MAN-MADE shows viewers what goes into producing the kind of everyday items most of us usually don't think about all that much. From excavating the required natural resources to packaging final products, each step in the items' creation is explained and illustrated in detail. Experts in everything from engineering to advertising comment throughout each episode, shedding light on the evolution of the production process and piecing together the history of the featured item.
Is it any good?
Man-Made will give you a new appreciation for what it takes to make things you probably take for granted (like aluminum cans, for example). It also, perhaps unconsciously, makes a strong case for recycling by including information about the diminishing supply of the earth's resources -- and estimates of when those supplies might run out. Viewers may even get a brush-up course in economics (remember the law of supply and demand?) when episode content touches on the affordability of products made readily available by lightning-fast production. The show is a perfect fit for inquisitive viewers who like to know how things work, so curious tweens and teen will find a lot to like here; with the educational nature of the series, parents probably will, too.

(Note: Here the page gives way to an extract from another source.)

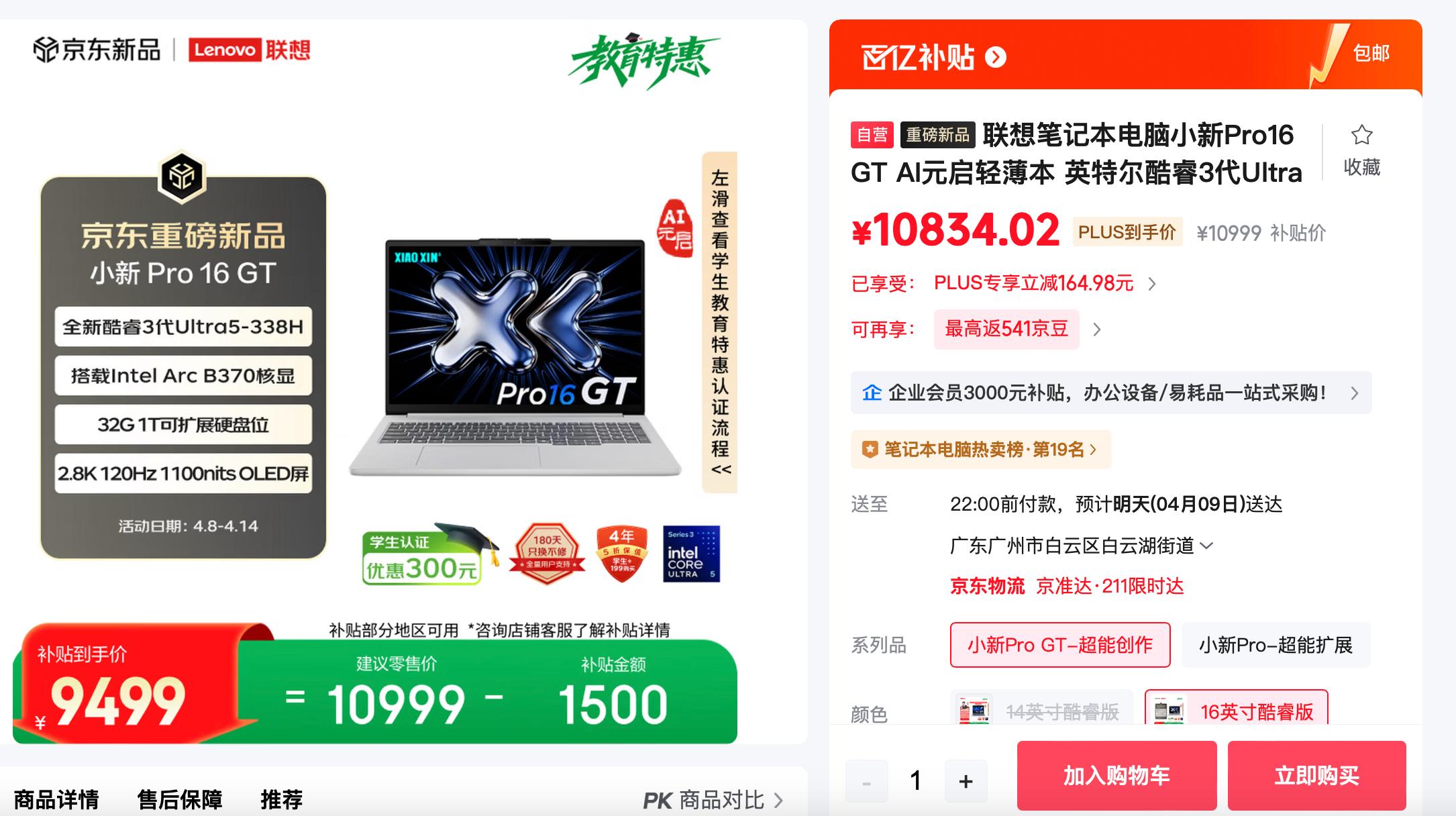 让人意想不到的是,短短半个多月后,这款刚发布的笔记本新品就涨价了,小新16 Pro GT全系价格上调,@sandwich入手的这个版本涨了2500元。而且,现在这款笔记本没有首发优惠了,即便用上国补,到手价仍然接近10000元。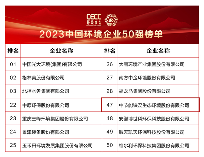 全国工商联环境商会相关负责人表示,为凸显领军企业的示范和引导作用,促进产业发展和企业成长,环境商会自2018年起,每年发布“中国环境企业50强榜单”。50强企业是我国环境产业领军力量,对产业发展发挥着重要引领作用。

Families can talk about...
Families can talk about the manufacturing processes seen in each episode. How have scientific advances affected how everyday items are made? How is the process easier than before? How has products' quality changed? What about their cost and uses? Or the quantity and types of human jobs associated with the production process? Is all of this good, bad, or both? Do you think less about how something was made or what went into creating it if it's cheap and easy to buy? How does the media play into that perception?